Data excerpts
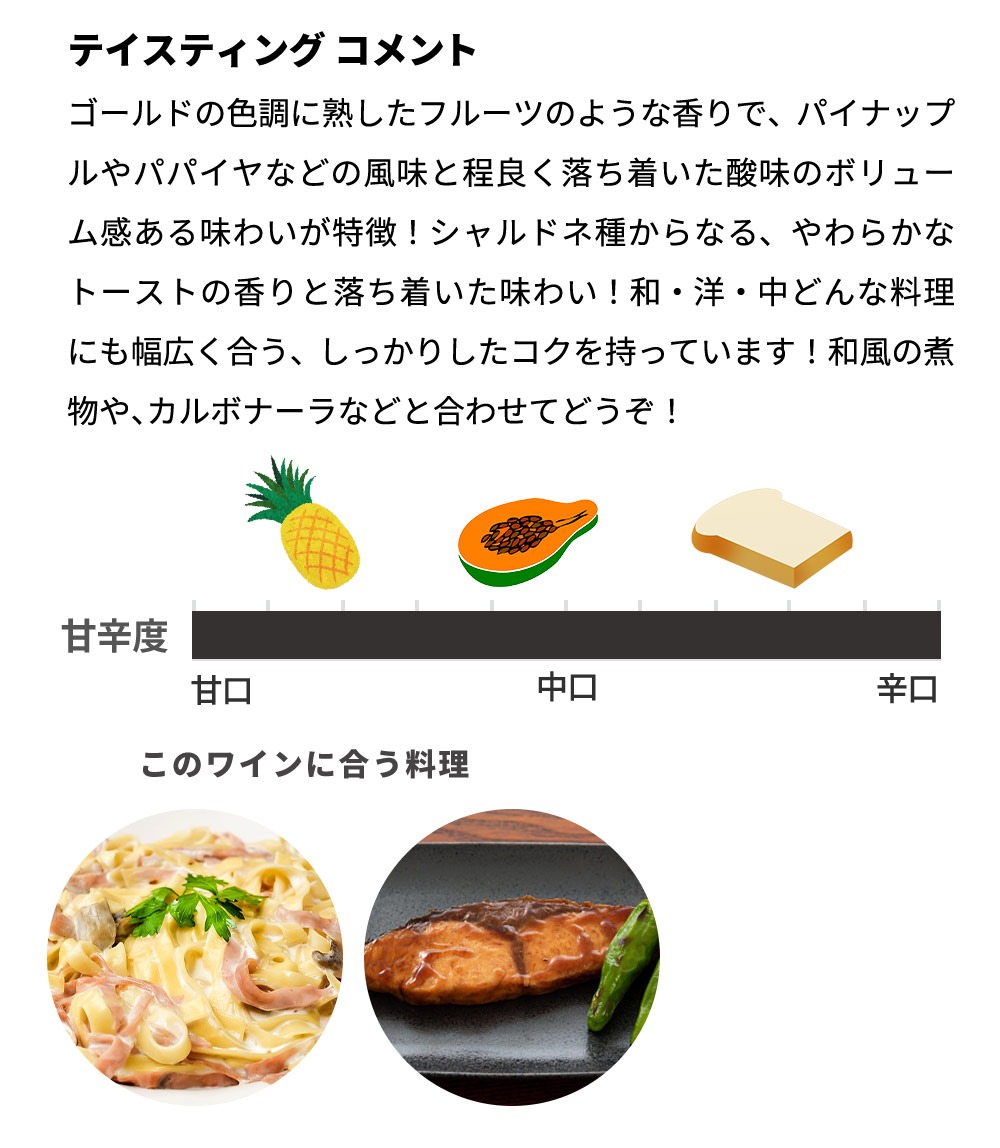 粘土石灰質土壌の温暖な気候で育ったシャルドネをステンレスタンクで発酵・熟成で造られたこのワインは、ゴールドの色調に熟したフルーツのような香りで、パイナップルやパパイヤなどの風味と程良く落ち着いた酸味のボリューム感ある味わいが特徴!シャルドネ種からなる、やわらかなトーストの香りと落ち着いた味わい!和・洋・中どんな料理にも幅広く合う、しっかりしたコクを持っています!和風の煮物や、カルボナーラなどと合わせてどうぞ!
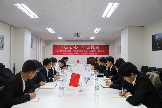 On the afternoon of December 17, Feng Chuntai, Consul-general of China Consulate General in Jeju Visited the Dream Mansion Project and Held a Speech on “Studying the Spirit of the 19th National Congress Earnestly”. Gao Jigui, the general Party branch secretary of overseas business division, and members, league branch secretary and all party members of Dream Mansion and Jeju Yihe Cypress Projects attended this speech.
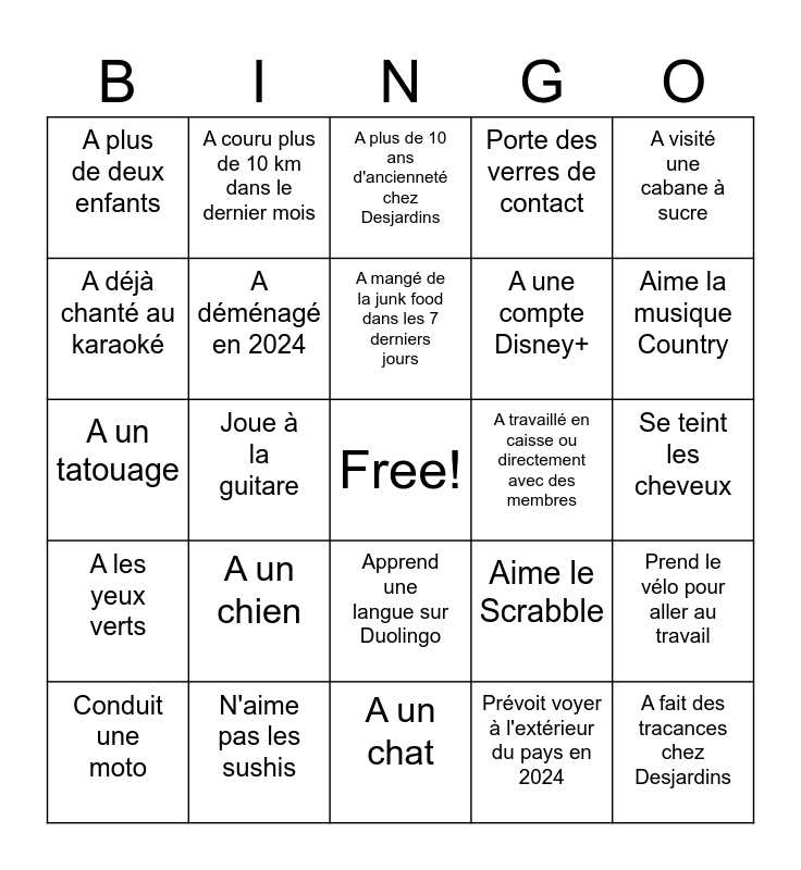 This bingo card has a free space and 24 words: A un chien, N'aime pas les sushis, A mangé de la junk food dans les 7 derniers jours, Conduit une moto, A visité une cabane à sucre, A plus de deux enfants, A déjà chanté au karaoké, A couru plus de 10 km dans le dernier mois, A travaillé en caisse ou directement avec des membres, Apprend une langue sur Duolingo, A une compte Disney+, A un tatouage, Aime le Scrabble, Prend le vélo pour aller au travail, A déménagé en 2024, Prévoit voyer à l'extérieur du pays en 2024, Se teint les cheveux, A plus de 10 ans d'ancienneté chez Desjardins, Aime la musique Country, Joue à la guitare, A fait des tracances chez Desjardins, A les yeux verts, Porte des verres de contact and A un chat.
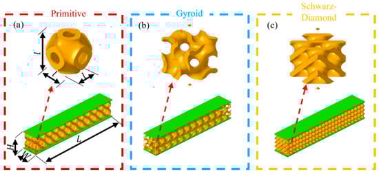 Dimensions of TPMS sandwich structures: (a) Primitive sandwich; (b) Gyroid sandwich; (c) Schwarz−Diamond sandwich.
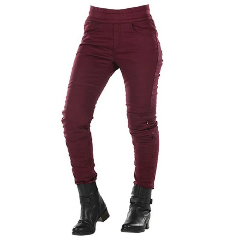 Nyt for 2019. Motorcykel-leggings er tilsluttet Overlap-serien! Disse motorcykel leggings er trendy og behagelige at bære med deres elastiske talje og ultra stretch materiale. CE-godkendt, de har niveau 2-beskyttere (knæ og hofter) og et foring forstærket med aramidfibre. De udvendige knæ lynlåse gør det nemt at indsætte og fjerne beskyttelsesapparaterne.
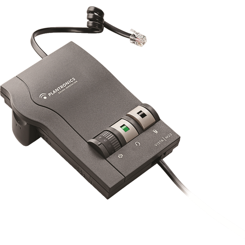 For use with Supra™, SupraPlus®, Mirage™, EncorePro and DuoSet™ headsets. Near-universal compatibility with both single and multi-line telephones. Features volume control, headset/handset and mute buttons. 10' coil cord. RJ9 connector and Quick Disconnect™ plug.
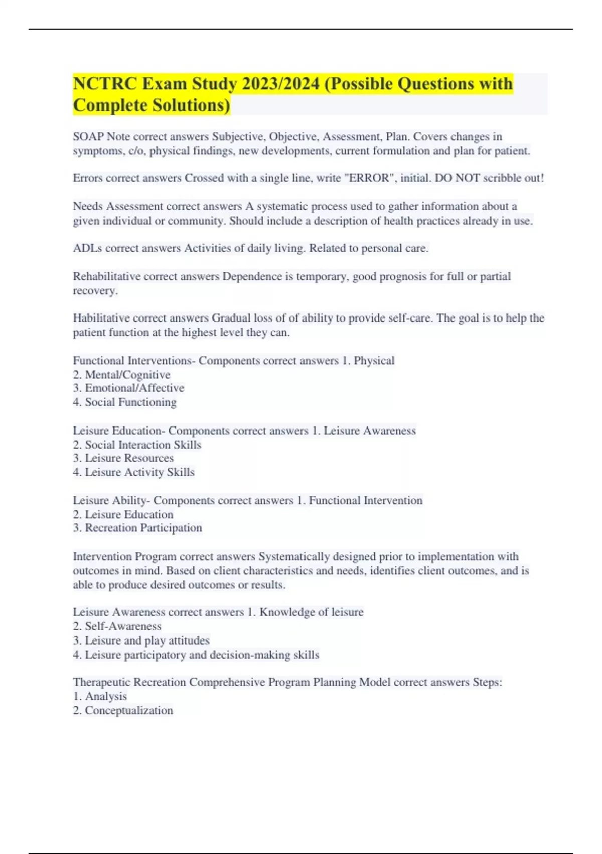 NCTRC Exam Study 2023/2024 (Possible Questions with Complete Solutions)

# EXERCISE:
All pictures are to be skipped. Output, word for word, the lines in the data above starting at the line containing "Dimensions of TPMS" and ending at the line containing "Nyt for 2019.".

# RESPONSE AREA:
 Dimensions of TPMS sandwich structures: (a) Primitive sandwich; (b) Gyroid sandwich; (c) Schwarz−Diamond sandwich.
 Nyt for 2019. Motorcykel-leggings er tilsluttet Overlap-serien! Disse motorcykel leggings er trendy og behagelige at bære med deres elastiske talje og ultra stretch materiale. CE-godkendt, de har niveau 2-beskyttere (knæ og hofter) og et foring forstærket med aramidfibre. De udvendige knæ lynlåse gør det nemt at indsætte og fjerne beskyttelsesapparaterne.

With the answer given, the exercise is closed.